*** Dataset excerpt ***

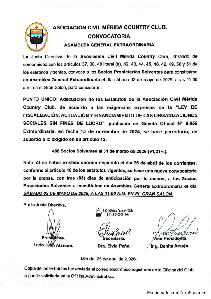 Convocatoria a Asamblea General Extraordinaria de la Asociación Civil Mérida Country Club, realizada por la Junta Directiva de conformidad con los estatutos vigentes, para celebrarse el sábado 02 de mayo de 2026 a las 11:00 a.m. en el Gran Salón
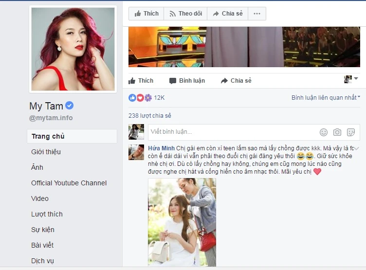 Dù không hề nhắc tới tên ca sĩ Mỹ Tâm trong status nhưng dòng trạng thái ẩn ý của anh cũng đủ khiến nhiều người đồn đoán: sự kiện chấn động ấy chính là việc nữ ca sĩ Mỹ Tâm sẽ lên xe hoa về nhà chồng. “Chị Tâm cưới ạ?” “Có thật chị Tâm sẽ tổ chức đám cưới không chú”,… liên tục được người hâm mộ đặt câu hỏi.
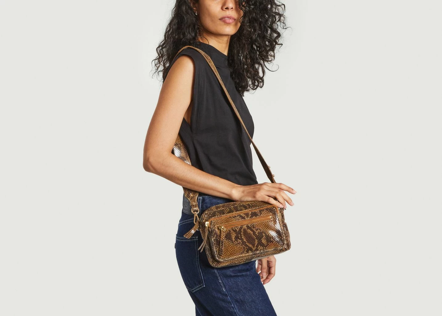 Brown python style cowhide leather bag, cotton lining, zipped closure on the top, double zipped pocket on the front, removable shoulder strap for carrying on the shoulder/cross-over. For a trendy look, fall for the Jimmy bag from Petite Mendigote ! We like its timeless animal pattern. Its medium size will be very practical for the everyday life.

***

> Task: From the first line to the last, repeat the listing exactly and skip its images.

> Written solution:
 Convocatoria a Asamblea General Extraordinaria de la Asociación Civil Mérida Country Club, realizada por la Junta Directiva de conformidad con los estatutos vigentes, para celebrarse el sábado 02 de mayo de 2026 a las 11:00 a.m. en el Gran Salón
 Dù không hề nhắc tới tên ca sĩ Mỹ Tâm trong status nhưng dòng trạng thái ẩn ý của anh cũng đủ khiến nhiều người đồn đoán: sự kiện chấn động ấy chính là việc nữ ca sĩ Mỹ Tâm sẽ lên xe hoa về nhà chồng. “Chị Tâm cưới ạ?” “Có thật chị Tâm sẽ tổ chức đám cưới không chú”,… liên tục được người hâm mộ đặt câu hỏi.
 Brown python style cowhide leather bag, cotton lining, zipped closure on the top, double zipped pocket on the front, removable shoulder strap for carrying on the shoulder/cross-over. For a trendy look, fall for the Jimmy bag from Petite Mendigote ! We like its timeless animal pattern. Its medium size will be very practical for the everyday life.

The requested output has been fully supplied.